The geometric mean is related to logarithmic transformation of the data. If there are no zero values, then the geometric mean equals the exponential of the mean of the log-values. Any exponent can be used, but it must equal the logarithm base, e.g. 10 to the power of the mean of the log10-values. This suggests the following modification of the geometric mean to accommodate zero values: add 1 to all the data values, then take the geometric mean, then subtract 1 again. This is known as the Williams mean (Williams 1937). There are also other types of mean. For example, the square mean root is the square of the mean of the square root-transformed data. This measure has applications in meta-analysis (Bushman & Wang 1995) and in assessing the agreement of counts between observers or methods (Alexander et al. 2007). Other powers can also be used – in general, these are called power means or algebraic means (Bonferroni 1950).

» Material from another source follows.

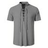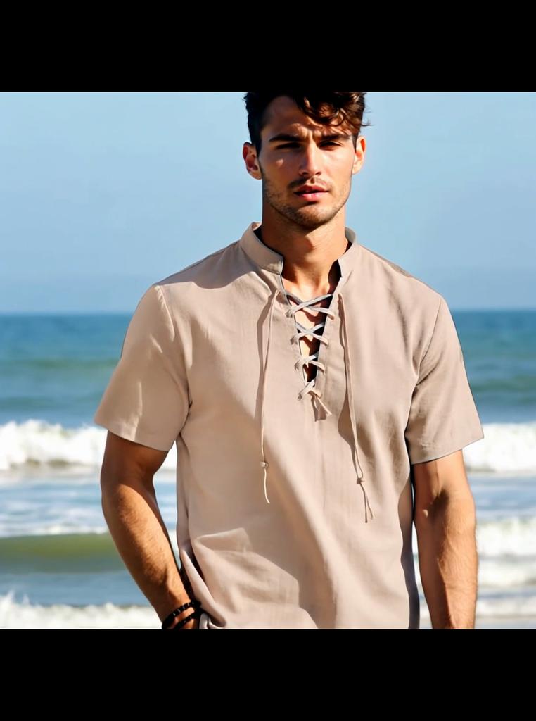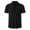 Men's Retro Shirt Short Sleeve Cotton Linen Lightweight Breathable Solid Color Fashion Tops Pirate V-neck Male Stylish Shirs

Confusion between geometric and Williams means.

In the medical research literature, the Williams mean is sometimes called the geometric mean, as in the onchocerciasis community microfilarial load (CMFL) (Remme et al. 1986). Nevertheless, the two are not equal. One disadvantage of the Williams mean is its dependence on the choice of units. For example, if skin snips weigh 2 mg, the CMFL per snip is not double the CMFL per mg, although both units are used in the literature (Marshall et al. 1986; Remme et al. 1986). This scale dependence can be avoided by adding and subtracting a value with units e.g. 1/mg rather than a dimensionless 1 (Alexander et al. 2005).

The geometric mean is not a clever way to estimate the arithmetic mean.

Fulford explains that the Williams mean (he calls it the geometric mean) should not be used to estimate the arithmetic mean (Fulford 1994). Similarly, Dobson et al. (2009) define helminth vaccine efficacy as a fold reduction in arithmetic mean egg count, then show that this is not well estimated by a ratio of Williams means. The points made by these articles are valid although may seem rather tautological. The different types of mean differ mathematically, so it should not be a surprise that one of them cannot properly estimate another. Their values are no more commensurable than, for example, weight-for-height and weight-for-age in nutrition.

Choice of measure of location: arithmetic vs. geometric mean.

Compared to the arithmetic mean, the geometric mean is said to be ‘not overly influenced by the very large values in a skewed distribution’ (Kirkwood & Sterne 2003). How much is ‘overly’? We can try to answer this question objectively by going back to whichever health outcomes motivated the study.

A clear-cut example would be noise pollution. Human perception of sound is approximately logarithmic and in that, orders of magnitude change in sound pressure (measured in Pascals) are perceived as approximately uniform increments on a linear scale. This is known as Weber’s law (Wojtczak & Viemeister 2008) and is why sound volumes are expressed in decibels (log-ratio of pressure over baseline). Hence, averaging is more aligned with human perception if carried out on the logarithmic scale: geometric mean of Pascals or arithmetic mean of decibels (Olayinka & Abdullahi 2009). This reasoning is independent of the statistical distribution of the data: even if the decibel values were skewed, their arithmetic mean would still be more relevant than the geometric mean.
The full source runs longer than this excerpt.